### Data listing

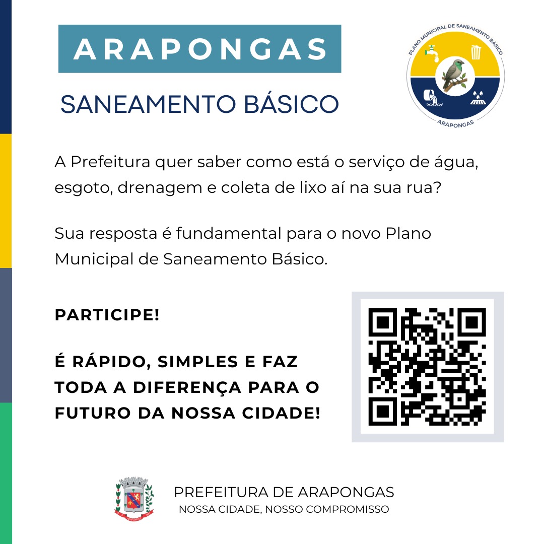 A Prefeitura de Arapongas, por meio da Secretaria Municipal de Agricultura, Serviços Públicos e Meio Ambiente (SEASPMA), convida a população a participar do diagnóstico dos serviços de água, esgoto, drenagem e coleta de lixo no município. A iniciativa tem como objetivo reunir informações que reflitam a realidade vivenciada pelos moradores em diferentes regiões da cidade.
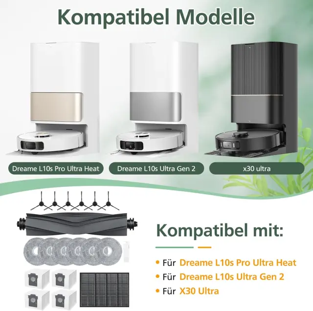 Popolna združljivost: Ta komplet dodatne opreme je posebej zasnovan za robotske sesalnike Xiaomi Dreame L10s Pro Ultra Heat, L10s Ultra Gen 2 in X30 Ultra, ki zagotavlja brezhibno združljivost in optimalno delovanje.
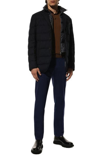 Чуть зауженные брюки темно-синего оттенка кажутся похожими на джинсы только издали. Вблизи становится заметным эластичный пояс-кулиска, а плотный деним оборачивается тонким твилом стрейч на основе лиоцелла. Такой материал делает модель легкой, словно льняная курортная одежда, и в то же время оставляет ее по-городскому сдержанной.
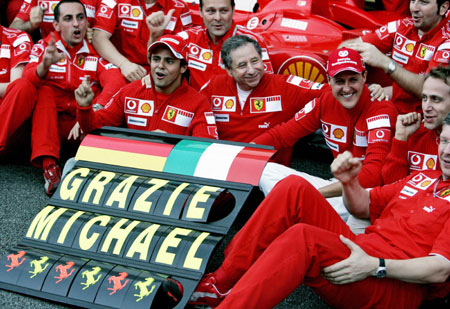 team photo with Ferrari chief Jean Todt (C), fellow driver Felipe Massa (2nd L)
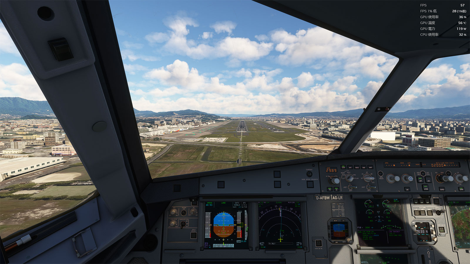 ⬆️上記スクリーンショットのように、都市部の空港へ着陸寸前の、たいていの場合は負荷がかかる条件=GPU使用率も上がり消費電力も上がる場面なのに、GPU 使用率 36%。平均 57 fps、最低(1%タイル)は 28 fps。
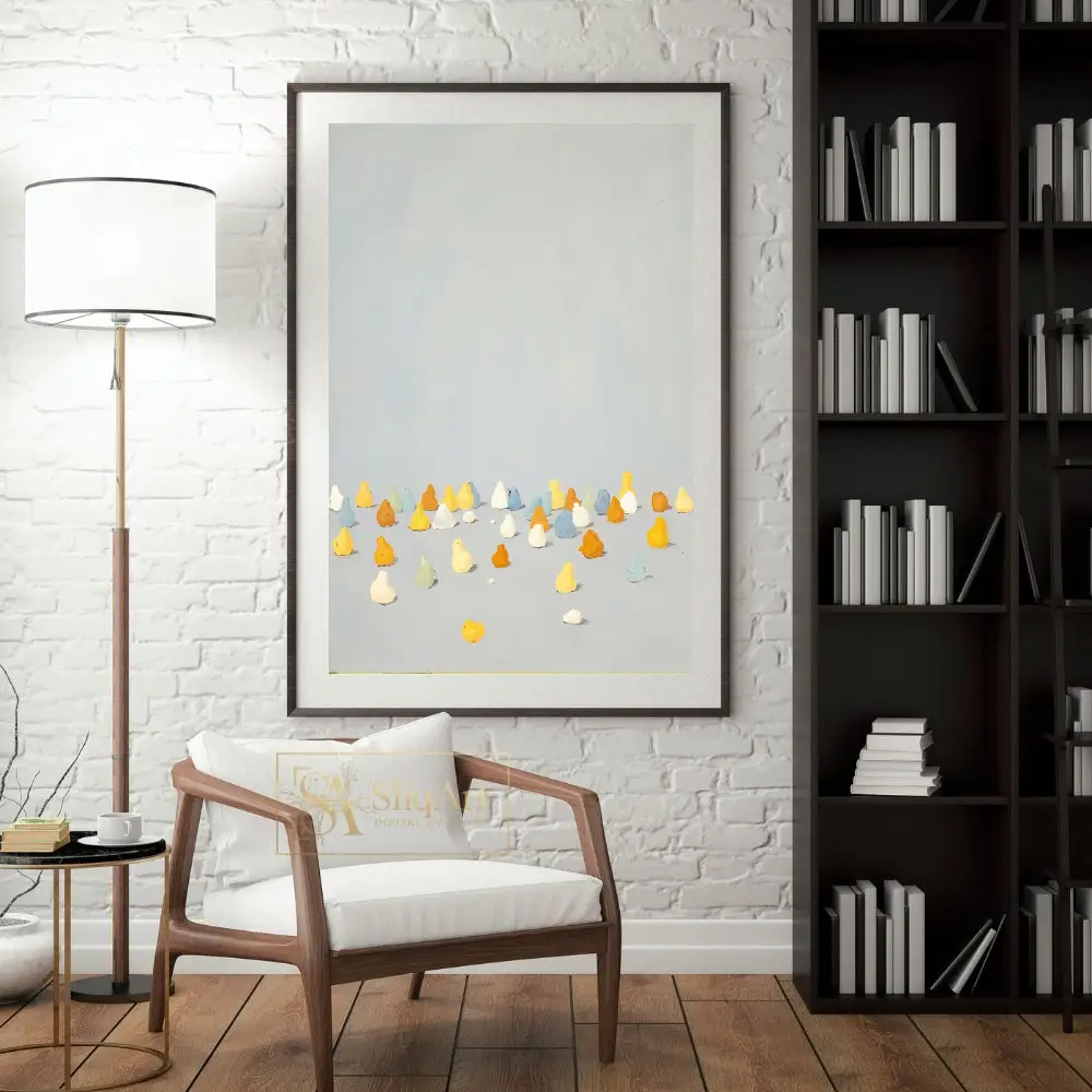 This captivating artwork features a playful yet sophisticated arrangement of stylized pear shapes scattered across a serene, pale blue horizon. Each pear is rendered with thick, impasto-style brushstrokes, adding a tactile depth and modern texture to the piece.
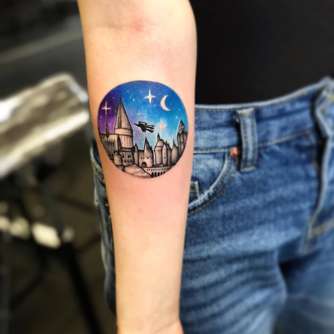 Hogwarts Castle scene by Noemi for Cassie at Watermelon Tattoo. Done using supplies. Tags: beatrixpotter, femalefriendlytattoostudio, femaletattooartist, harrypottertattoo, hogwartstattoo, italiantattooartist, scottishtattoostudio, usetheforceharry, watercolourtattoo, watermelon_tattoo, watermelontattoo Instagram Profile: http://instagram.com/watermelon_tattoo

### Exercise objective
Copy the material exactly. Do not include the pictures.

### Completed task
 A Prefeitura de Arapongas, por meio da Secretaria Municipal de Agricultura, Serviços Públicos e Meio Ambiente (SEASPMA), convida a população a participar do diagnóstico dos serviços de água, esgoto, drenagem e coleta de lixo no município. A iniciativa tem como objetivo reunir informações que reflitam a realidade vivenciada pelos moradores em diferentes regiões da cidade.
 Popolna združljivost: Ta komplet dodatne opreme je posebej zasnovan za robotske sesalnike Xiaomi Dreame L10s Pro Ultra Heat, L10s Ultra Gen 2 in X30 Ultra, ki zagotavlja brezhibno združljivost in optimalno delovanje.
 Чуть зауженные брюки темно-синего оттенка кажутся похожими на джинсы только издали. Вблизи становится заметным эластичный пояс-кулиска, а плотный деним оборачивается тонким твилом стрейч на основе лиоцелла. Такой материал делает модель легкой, словно льняная курортная одежда, и в то же время оставляет ее по-городскому сдержанной.
 team photo with Ferrari chief Jean Todt (C), fellow driver Felipe Massa (2nd L)
 ⬆️上記スクリーンショットのように、都市部の空港へ着陸寸前の、たいていの場合は負荷がかかる条件=GPU使用率も上がり消費電力も上がる場面なのに、GPU 使用率 36%。平均 57 fps、最低(1%タイル)は 28 fps。
 This captivating artwork features a playful yet sophisticated arrangement of stylized pear shapes scattered across a serene, pale blue horizon. Each pear is rendered with thick, impasto-style brushstrokes, adding a tactile depth and modern texture to the piece.
 Hogwarts Castle scene by Noemi for Cassie at Watermelon Tattoo. Done using supplies. Tags: beatrixpotter, femalefriendlytattoostudio, femaletattooartist, harrypottertattoo, hogwartstattoo, italiantattooartist, scottishtattoostudio, usetheforceharry, watercolourtattoo, watermelon_tattoo, watermelontattoo Instagram Profile: http://instagram.com/watermelon_tattoo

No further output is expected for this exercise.